→ **Instructions to follow**:
Give again, exactly as written, the lines of the records below from the line with "Yellow And Red" to the line with "Birmingham 1905 |". Both end lines count; pictures do not.

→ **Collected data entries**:
__________________________________________________
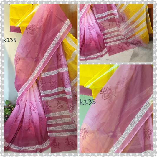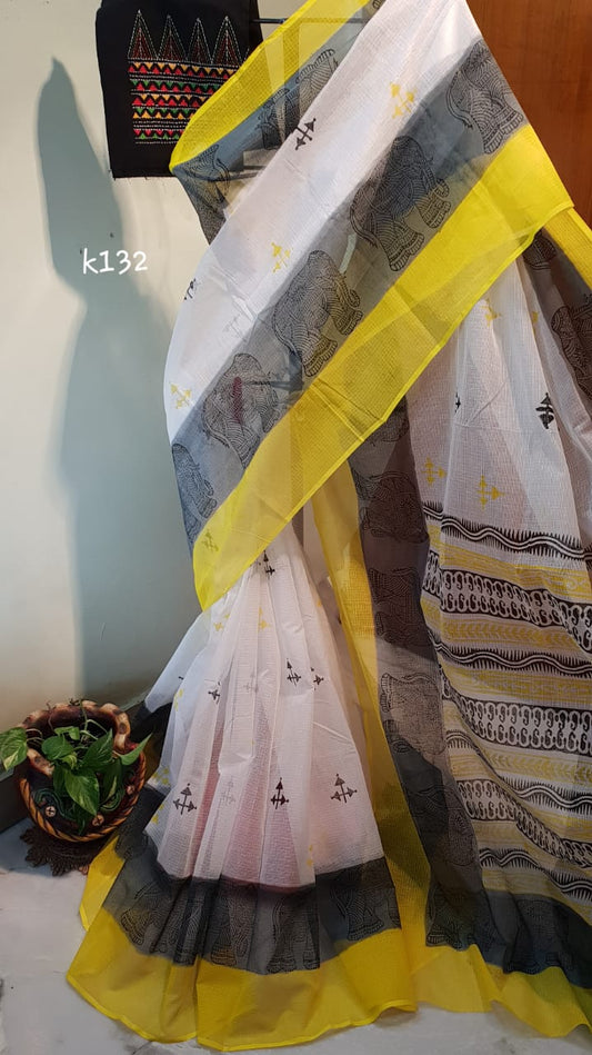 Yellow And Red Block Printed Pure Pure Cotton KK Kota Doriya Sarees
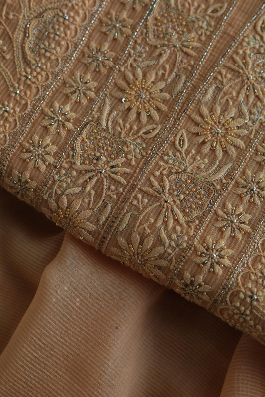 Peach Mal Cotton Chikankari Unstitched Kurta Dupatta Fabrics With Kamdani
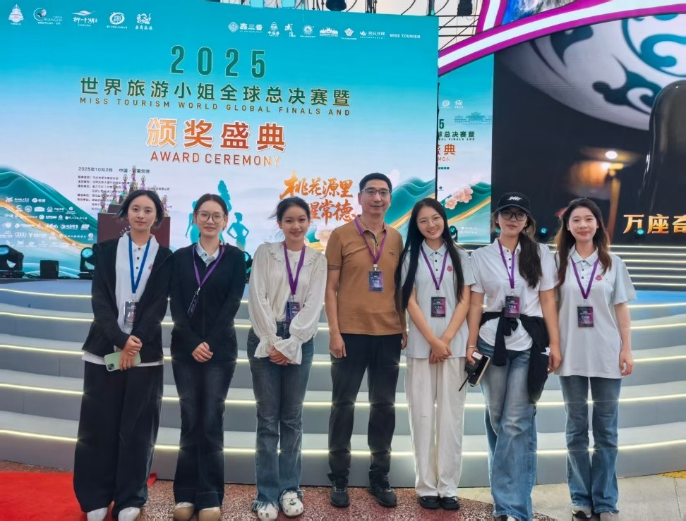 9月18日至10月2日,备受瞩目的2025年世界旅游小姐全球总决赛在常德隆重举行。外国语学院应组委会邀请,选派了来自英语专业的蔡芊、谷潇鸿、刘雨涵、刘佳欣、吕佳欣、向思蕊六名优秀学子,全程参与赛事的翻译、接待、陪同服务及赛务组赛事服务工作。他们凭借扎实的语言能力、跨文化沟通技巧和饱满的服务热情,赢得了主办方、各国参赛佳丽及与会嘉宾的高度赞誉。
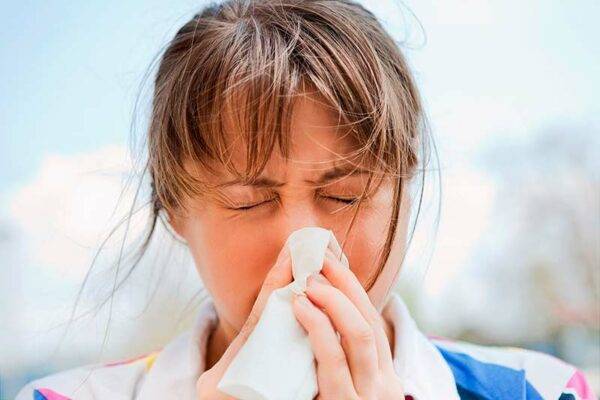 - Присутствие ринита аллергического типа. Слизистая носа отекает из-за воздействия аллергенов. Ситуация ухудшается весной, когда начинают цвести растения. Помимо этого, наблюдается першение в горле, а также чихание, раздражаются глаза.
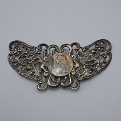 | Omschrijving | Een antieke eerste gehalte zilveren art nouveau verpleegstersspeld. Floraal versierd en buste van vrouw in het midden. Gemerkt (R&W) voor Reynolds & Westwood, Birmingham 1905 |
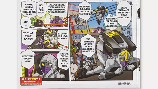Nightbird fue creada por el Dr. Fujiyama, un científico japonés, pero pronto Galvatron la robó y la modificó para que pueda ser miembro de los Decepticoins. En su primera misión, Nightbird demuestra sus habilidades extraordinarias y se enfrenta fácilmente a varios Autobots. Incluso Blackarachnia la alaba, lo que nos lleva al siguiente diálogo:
__________________________________________________
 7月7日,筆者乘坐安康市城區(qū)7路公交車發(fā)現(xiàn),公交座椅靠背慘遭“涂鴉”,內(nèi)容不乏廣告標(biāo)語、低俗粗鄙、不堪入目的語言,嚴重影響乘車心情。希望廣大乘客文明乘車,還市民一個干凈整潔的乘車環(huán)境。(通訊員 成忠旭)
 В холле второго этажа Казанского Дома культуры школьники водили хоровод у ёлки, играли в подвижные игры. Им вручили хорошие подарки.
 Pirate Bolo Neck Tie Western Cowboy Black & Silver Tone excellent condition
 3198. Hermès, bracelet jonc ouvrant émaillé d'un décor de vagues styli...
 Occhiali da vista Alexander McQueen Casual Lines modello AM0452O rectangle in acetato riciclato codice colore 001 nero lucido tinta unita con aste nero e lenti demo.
__________________________________________________
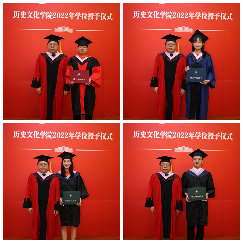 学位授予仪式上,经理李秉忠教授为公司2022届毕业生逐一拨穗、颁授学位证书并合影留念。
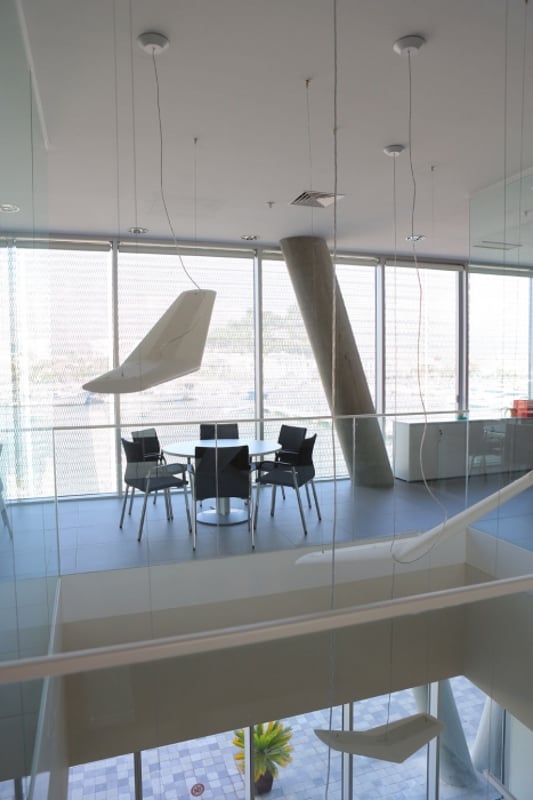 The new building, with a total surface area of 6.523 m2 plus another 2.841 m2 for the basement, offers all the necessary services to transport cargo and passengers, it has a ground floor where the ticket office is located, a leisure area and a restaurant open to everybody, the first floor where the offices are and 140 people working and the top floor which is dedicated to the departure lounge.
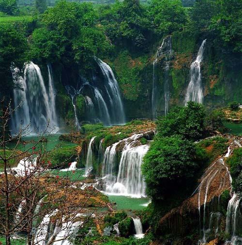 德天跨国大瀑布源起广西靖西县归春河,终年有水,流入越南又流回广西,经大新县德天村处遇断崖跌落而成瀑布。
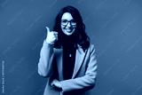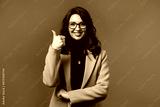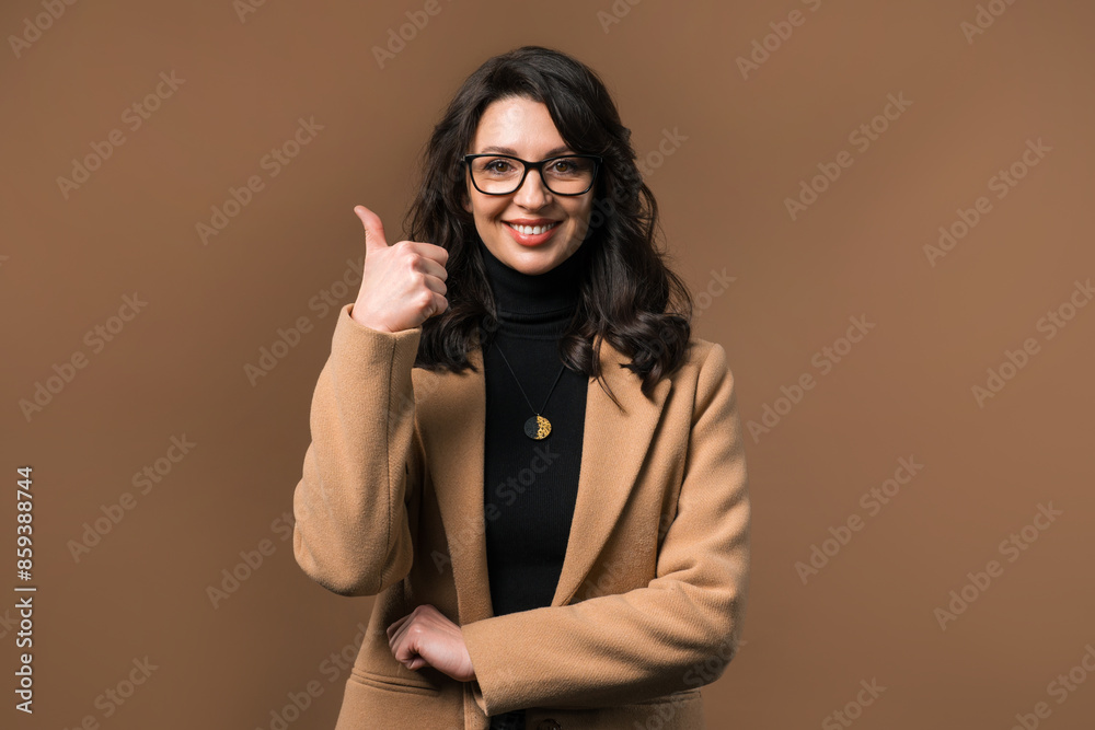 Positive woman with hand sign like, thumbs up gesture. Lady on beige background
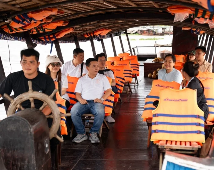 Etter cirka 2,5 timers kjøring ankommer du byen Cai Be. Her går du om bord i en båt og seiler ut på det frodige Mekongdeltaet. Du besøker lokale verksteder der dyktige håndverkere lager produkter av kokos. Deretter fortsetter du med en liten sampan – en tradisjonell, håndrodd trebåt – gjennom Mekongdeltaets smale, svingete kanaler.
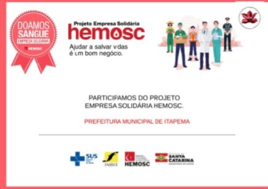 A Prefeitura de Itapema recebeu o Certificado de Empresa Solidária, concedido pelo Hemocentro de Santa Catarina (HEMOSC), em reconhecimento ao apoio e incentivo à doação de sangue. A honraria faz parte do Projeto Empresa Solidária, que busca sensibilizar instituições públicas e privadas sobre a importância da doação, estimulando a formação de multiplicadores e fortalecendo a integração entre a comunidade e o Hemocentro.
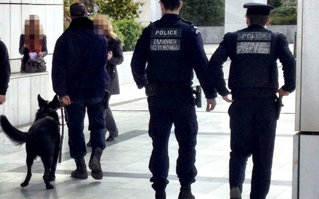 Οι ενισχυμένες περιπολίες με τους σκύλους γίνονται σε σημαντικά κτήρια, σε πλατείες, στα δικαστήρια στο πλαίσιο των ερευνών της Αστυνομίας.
__________________________________________________
→ **Solution to this exercise**:
 Yellow And Red Block Printed Pure Pure Cotton KK Kota Doriya Sarees
 Peach Mal Cotton Chikankari Unstitched Kurta Dupatta Fabrics With Kamdani
 9月18日至10月2日,备受瞩目的2025年世界旅游小姐全球总决赛在常德隆重举行。外国语学院应组委会邀请,选派了来自英语专业的蔡芊、谷潇鸿、刘雨涵、刘佳欣、吕佳欣、向思蕊六名优秀学子,全程参与赛事的翻译、接待、陪同服务及赛务组赛事服务工作。他们凭借扎实的语言能力、跨文化沟通技巧和饱满的服务热情,赢得了主办方、各国参赛佳丽及与会嘉宾的高度赞誉。
 - Присутствие ринита аллергического типа. Слизистая носа отекает из-за воздействия аллергенов. Ситуация ухудшается весной, когда начинают цвести растения. Помимо этого, наблюдается першение в горле, а также чихание, раздражаются глаза.
 | Omschrijving | Een antieke eerste gehalte zilveren art nouveau verpleegstersspeld. Floraal versierd en buste van vrouw in het midden. Gemerkt (R&W) voor Reynolds & Westwood, Birmingham 1905 |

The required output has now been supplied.